Geçtiğimiz yaz ve yaz sonunda yoğun bir şekilde Sebald'ın kitaplarını okudum. Daha önce “Göçmenler”i okumuş, ama “Austerlitz”i okuyamamıştım. Yaz başında nasıl oldu bilmem, –Cem İleri’nin “Okurun Belleği”nin etkisi, yol göstericiliği ve özendirmesi kesin, ama sanırım sadece o değil, yaşadıklarımızla da ilgili olduğunu sanıyorum– Sebald'ın kitaplarını peş peşe okudum.

O günlerde belki de içerik olarak pek de uygun bir seçim değildi, dışarıdan bakınca öyle gelebilir, ama bana çok iyi geldi. Önceki yaz da Jaume Cabré’nin “İtiraf Ediyorum”unun benzer bir etkisi olmuştu. Bir de bazen bazı kitaplar eskiden okuduğum kitapları yeniden okuma isteği yaratabiliyor. Svetlana Aleksiyeviç’in iki kitabını okurken, dönüp Grossman’ın muhteşem “Yaşam ve Yazgı”sını yeniden okumak isteği duydum.
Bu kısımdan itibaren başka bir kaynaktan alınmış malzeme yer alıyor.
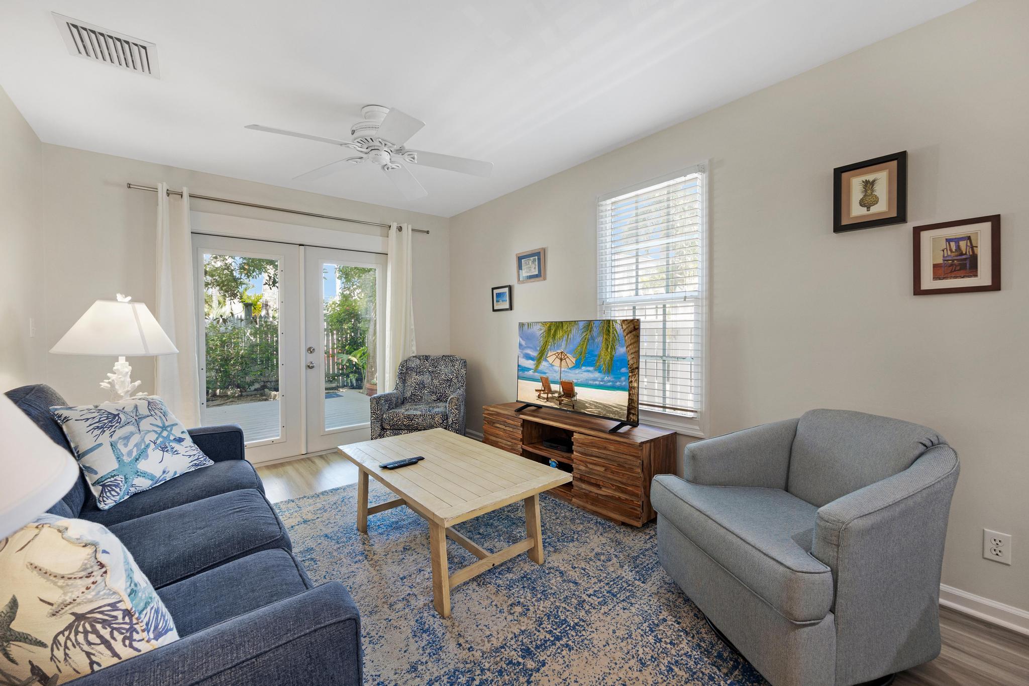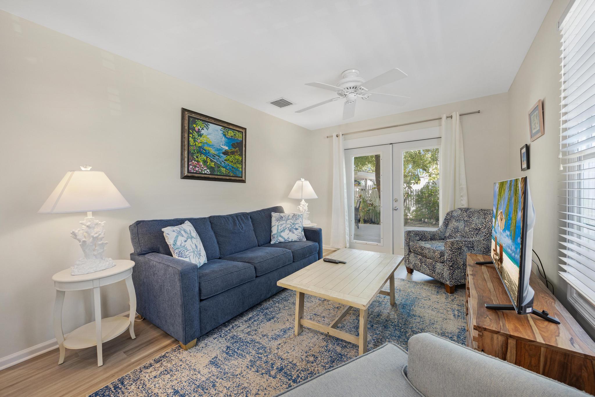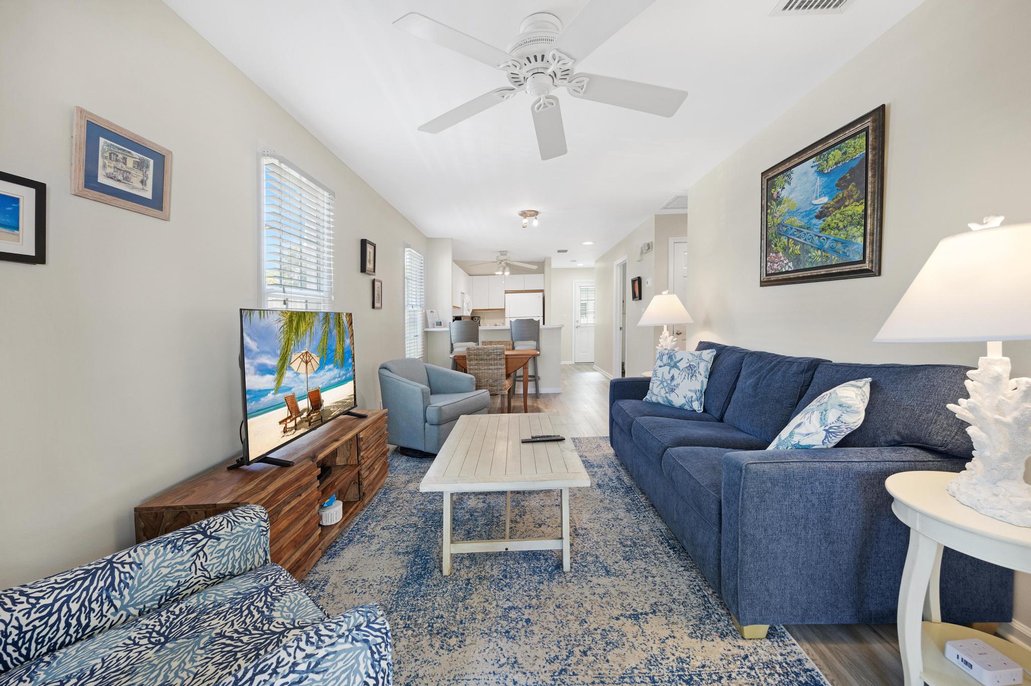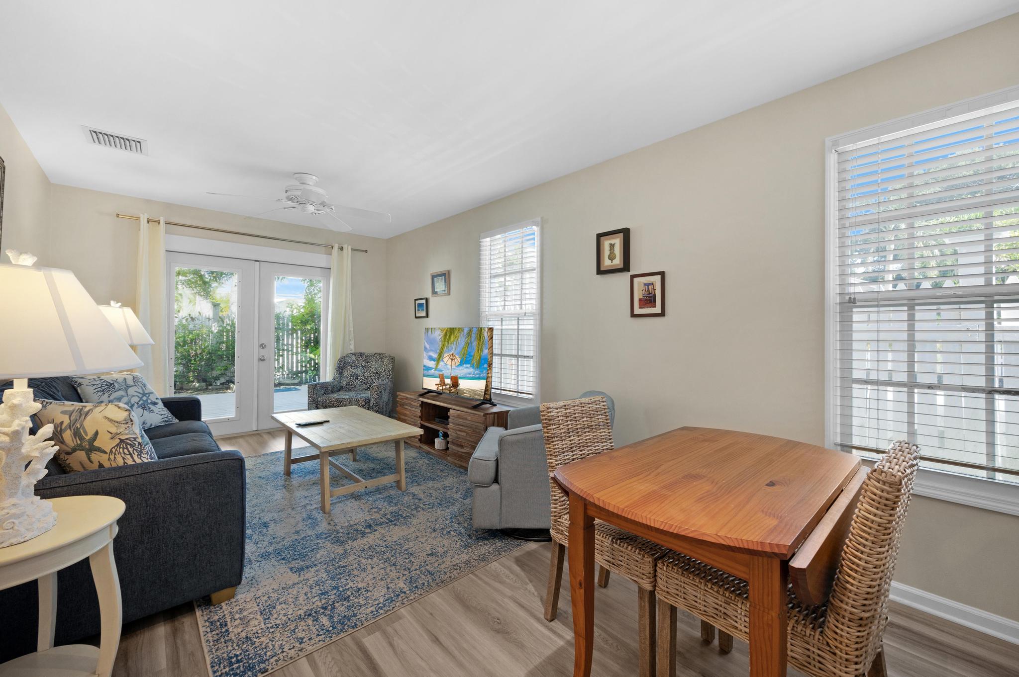 This rental first and foremost is in a great location. Accessible from Thomas St via the back patio gate was a great added perk. The kitchen had everything we needed. And the unit had some nice extras like laundry detergent and beach chairs. The beds were comfortable, the sleeper sofa adequate. The only thing I’d recommend would be mirrors for bedrooms. When you put 5 people in this unit, the bathroom gets busy and having mirrors and maybe even a vanity in the bedrooms would really be useful!

Genç yazarları, öykücüleri elimden geldiğince takip etmeye çalışıyorum, dünyaları, dilleri, nelerden, nerelerden öykü çıkardıkları, tarzları, üslupları, benzeştiğimiz ve ayrıldığımız noktalar ilgimi çekiyor. Ama bazı dönemlerde okuma tercihim değişiyor. Son birkaç yıl daha çok yabancı yazarları okudum, bu sırada genç kuşağı takip etme konusunda ipin ucunu kaçırdım biraz.

Şimdilerde bu eksikliğimi gidermeye çalışıyorum, özellikle ilk kitapları, unuttuğum, atladığım isimler olabilir, ama ilk anda aklıma gelen birkaçını sayayım.

En son Mevsim Yenice'nin öykü kitabını okudum, bugünlerde de Tuğba Gürbüz’ün öykülerini okuyorum. Ömür İklim Demir, Hakan Yılmaz, Banu Özyürek de yakın zamanda okuduğum isimler... Şöyle bir şey var; bir süre öncesine kadar bizden bir sonraki kuşak kitap yayımlıyordu, şimdi bizden iki kuşak sonraki yazarların kitapları yayımlanıyor, belki de üç, bu kuşak hesabını tam bilemiyorum. Takip etmemiz gereken kuşak sayısı, yazar sayısı artıyor... Yetişmesi zor ama şikâyet edilecek bir şey değil bu, aksine sevindirici.

24 yaşında ilk kitabınızı çıkardınız. 11 kitabınız var... Bundan sonra ne yapacaksınız?

Bu gibi sorulara yanıt vermek hiç kolay değil... Bu soruyu iki yıl önce "Kaldığımız Yer" yeni yayımlanmışken sorsaydınız, "Başlamış olduğum roman ya da novella olabilecek bir metin var, ona devam etmek istiyorum," derdim ama öyle olmadı; “Yolun Gölgesi”ndeki öyküleri yazdım... O yüzden şimdi buna bir yanıt versem bile muhtemelen doğru çıkmaz. Ama tabii ki okumaya ve yazmaya devam etmek istiyorum.